INPUT DATA:

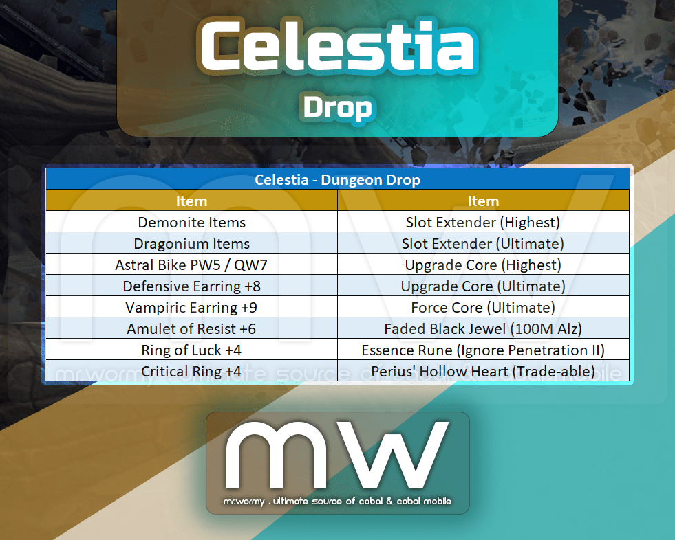 - Add drops for the dungeon “Celestia” (refer to the table below).
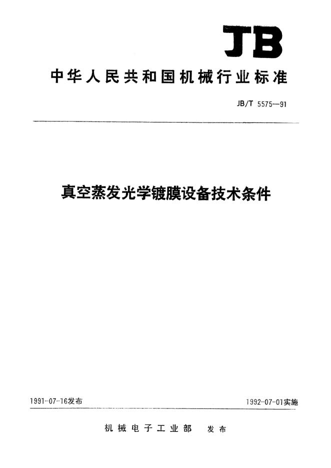 JB/T 5575-1991 真空蒸发光学镀膜设备技术条件
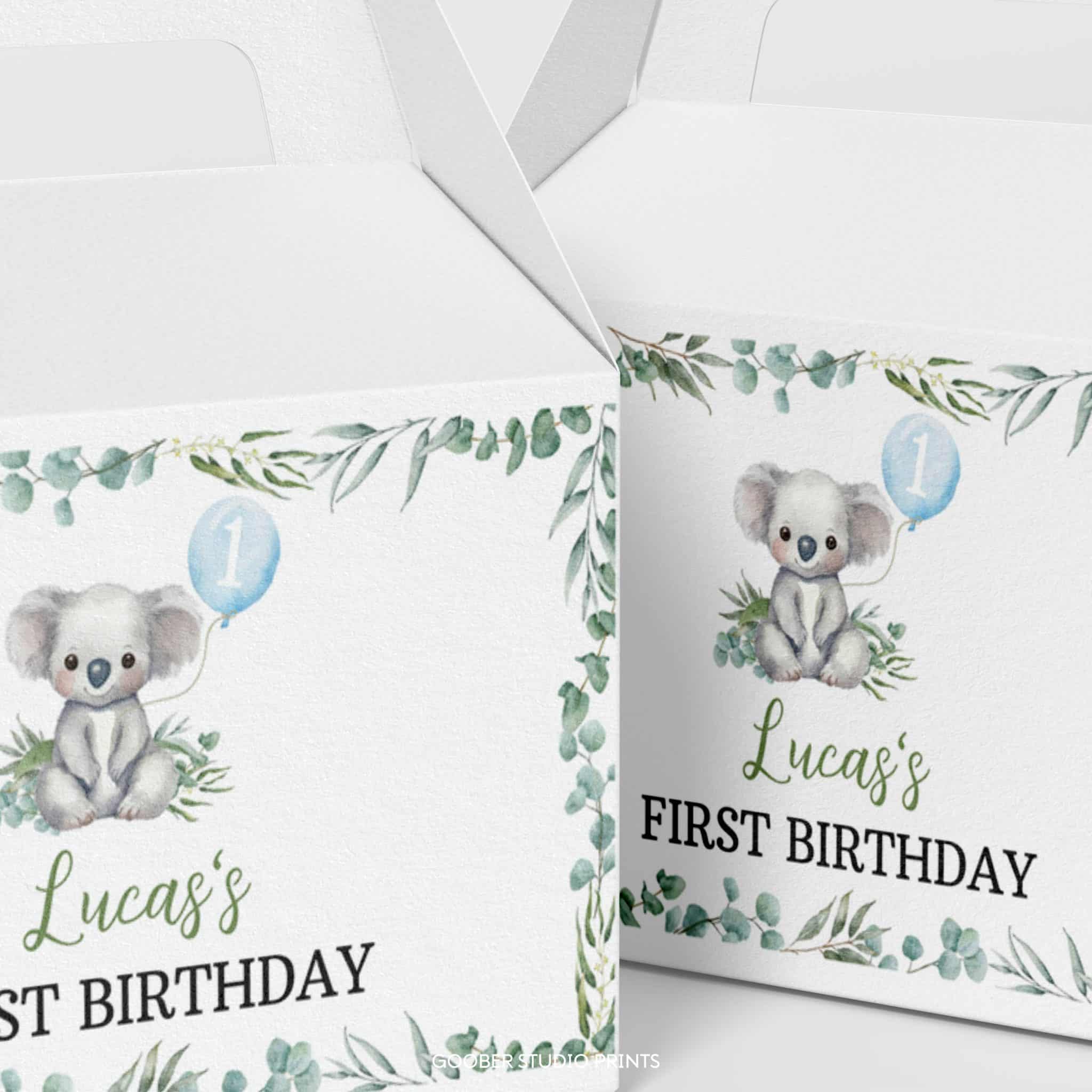 Add a charming touch to your party favors with our happy birthday koala bear gable box labels! Featuring an adorable watercolor koala and soft greenery accents, these labels can be personalized with the birthday boy’s name and age. Easily printable at home on standard paper, they attach effortlessly to gable boxes, transforming them into unique and personalized koala themed birthday treats for your baby boy’s special celebration, perfectly complementing your koala birthday decorations.
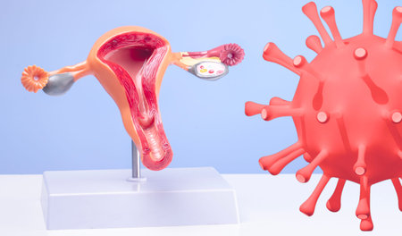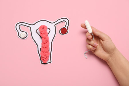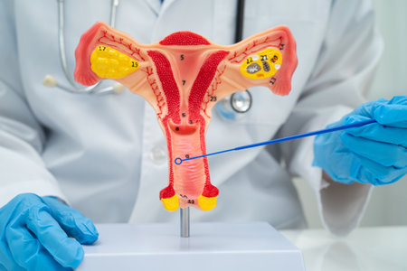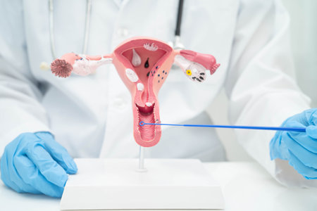 A detailed anatomical model displays the uterus, fallopian tubes, and ovaries, presented against a neutral background.
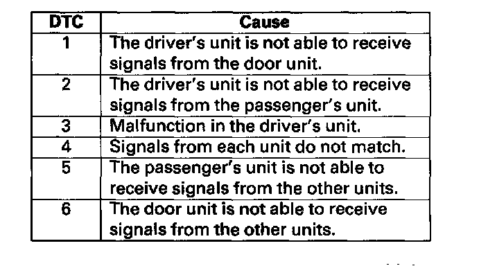 6. One second after you go into self-diagnosis mode 1, the ignition key light and beeper indicate the DTC, and repeat it every three seconds. If there is more than one DTC, the system will indicate them in ascending order, beginning from the DTC with the lowest numerical value. Find your DTC in this table, then go to step 8 and check the communication lines.
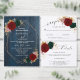 This wedding invitation features a rich, autumnal palette with burgundy, emerald green, and gold accents. A cluster of flowers in these colours sits at the top. The design evokes a rustic yet elegant feel, perfect for a fall wedding.
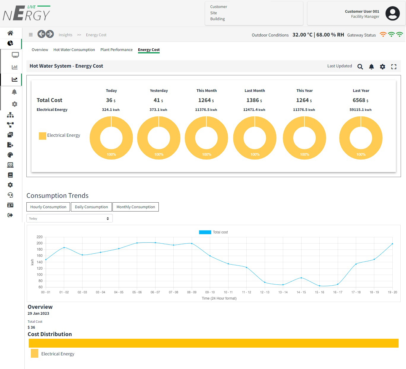 Nergy Live is an the IoT-based Building & Energy Management System (BEMS) hosted in the cloud and can be easily configured from the front-end. It operates on a SaaS model, requires low initial investment and can be easily scaled based on the needs of the organization. It is compatible with a wide range of hardware and offers a cost-effective solution with no licensing fees and a pay-as- you-go pricing model. The application is designed to improve energy efficiency, comfort, and minimize downtime in commercial facilities. It utilizes advanced control logics, cloud computing, data science, AI/ML, and provides accurate alerts and actionable insights to reduce energy consumption and improve occupant satisfaction. Cloud based algorithms enable adaptive control of temperature, ventilation, lighting and other building systems ensuring optimal energy efficiency, comfort and responsiveness to changes in the environment. The system supports remote management via web and mobile applications, allowing facility managers to access and control the building systems from any place, at any time.
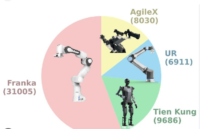 谷歌DeepMind 牵头推出的开源数据集OpenX-Embodiment是面向具身智能和机器人学习的重要资源,旨在为研究者提供大规模、高质量的多模态操作数据,加速算法开发和真实世界迁移。在该数据集中,Franka 机器人贡献了主要部分的数据,涵盖高自由度操作、力控交互和复杂任务序列。
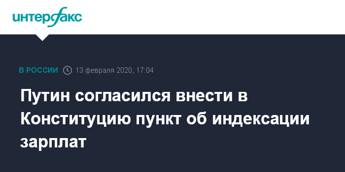 Москва. 13 февраля. INTERFAX.RU - Президент Владимир Путин поддержал предложение профсоюзов внести в Конституцию поправку об обязательной индексации зарплат. Ранее он сам предлагал внести туда положение об обязательной ежегодной индексации пенсий.
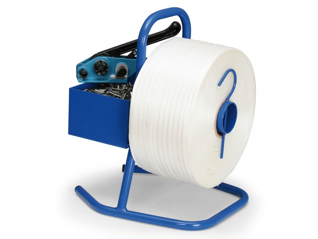 Kompaktní odvíječ pro PES pásku je vhodný pro páskování nákladu v malých a hůře dostupných prostorách, jako jsou kamiony, vagóny apod. Víceúčelová přihrádka na vazací spony může být použita i pro odložení napínače PES pásky. Pro průměr dutinky 76 mm.
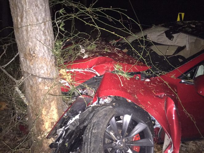 The front of the Tesla was totaled, with the hood nearly wrapping itself around the tree. But the lack of a large engine in the front of the vehicle means there were no massive objects that could’ve pierced through the passenger cabin. The area, referred to as the crumple zone, instead served mostly to absorb the impact.
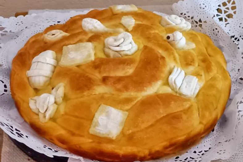 Od jednog dela napraviti okruglu pogaču, a od drugog pletenice ili spirale, koje se stavljalju po obodu pogače. Utisnuti paricu i testo premazati umućnim belancetom. Ostaviti na toplom mestu da još jednom nadođe i peći u zagrejanoj rerni, najpre 15 minuta na 200 stepeni, a onda još toliko na 180 stepeni.
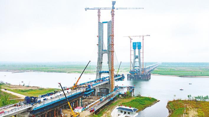 4月2日,沪渝蓉高铁钟祥汉江特大桥建设现场。4月1日夜间,随着最后一方混凝土浇筑完成,由中铁十一局承建的沪渝蓉高铁武宜段钟祥汉江特大桥主桥西岸边跨率先实现合龙,标志着这座世界最大主跨的高速铁路无砟轨道混凝土梁斜拉桥实现首个边跨合龙。(视界网 古建敖 摄)
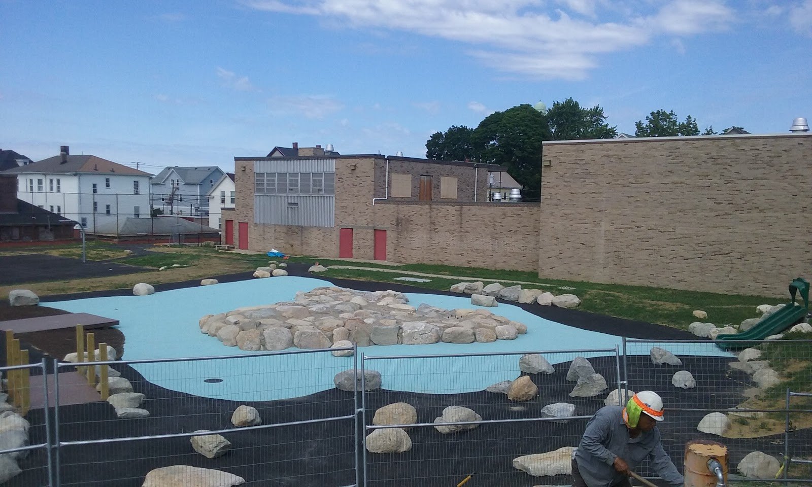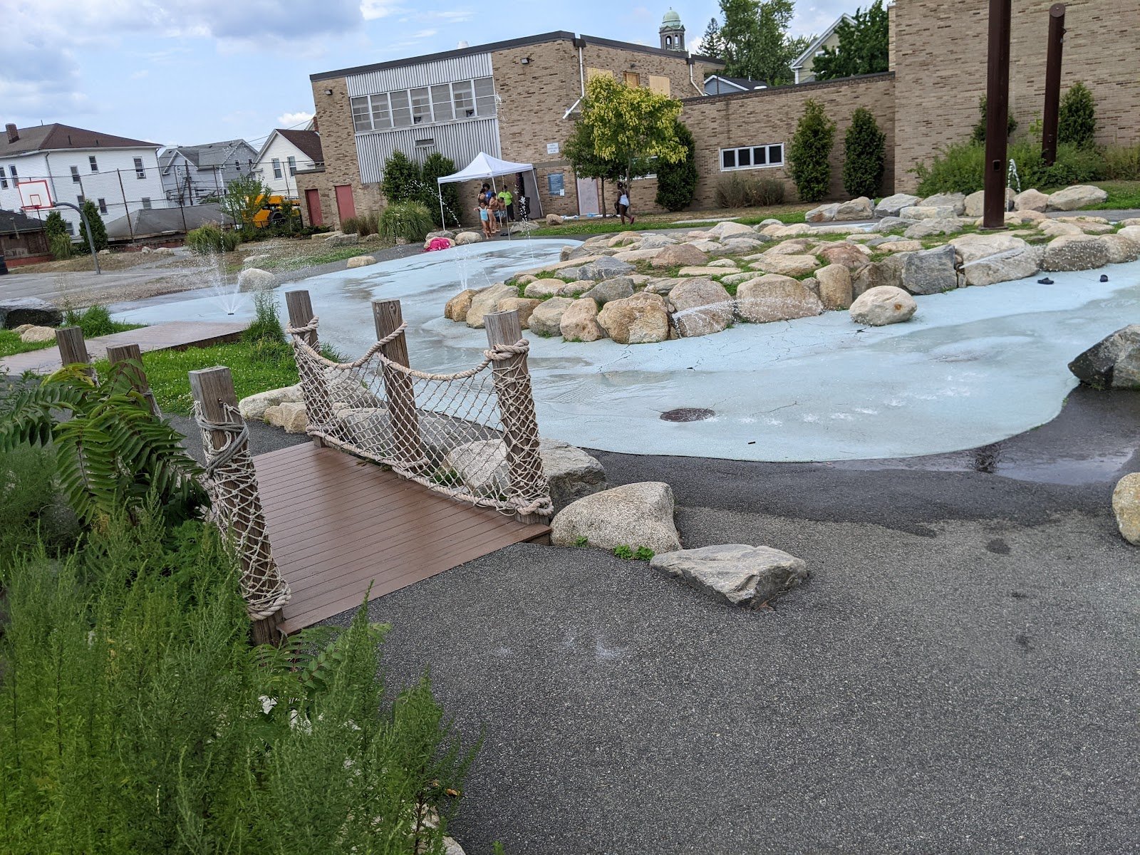 It’s kid friendly. It has a soccer field. It has a playground. And it has a basketball court. It also has like a little water park. And a big open field to run.
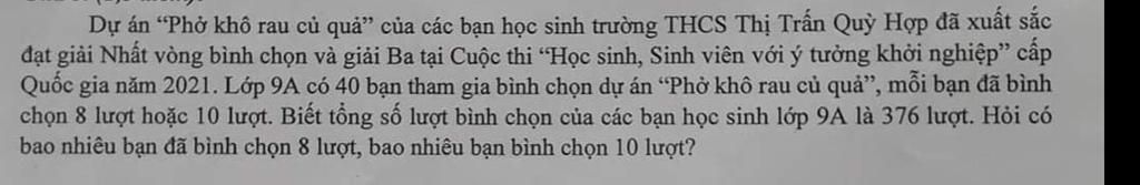 Quốc gia năm 2021. Lớp 9A có 40 bạn tham gia bình chọn dự án “Phở khô rau củ quả”, mỗi bạn đã ...

TASK:
From the line containing "Москва. 13 февраля." through the line containing "The front of the Tesla", copy every line above exactly, without pictures.

RESPONSE BELOW:
 Москва. 13 февраля. INTERFAX.RU - Президент Владимир Путин поддержал предложение профсоюзов внести в Конституцию поправку об обязательной индексации зарплат. Ранее он сам предлагал внести туда положение об обязательной ежегодной индексации пенсий.
 Kompaktní odvíječ pro PES pásku je vhodný pro páskování nákladu v malých a hůře dostupných prostorách, jako jsou kamiony, vagóny apod. Víceúčelová přihrádka na vazací spony může být použita i pro odložení napínače PES pásky. Pro průměr dutinky 76 mm.
 The front of the Tesla was totaled, with the hood nearly wrapping itself around the tree. But the lack of a large engine in the front of the vehicle means there were no massive objects that could’ve pierced through the passenger cabin. The area, referred to as the crumple zone, instead served mostly to absorb the impact.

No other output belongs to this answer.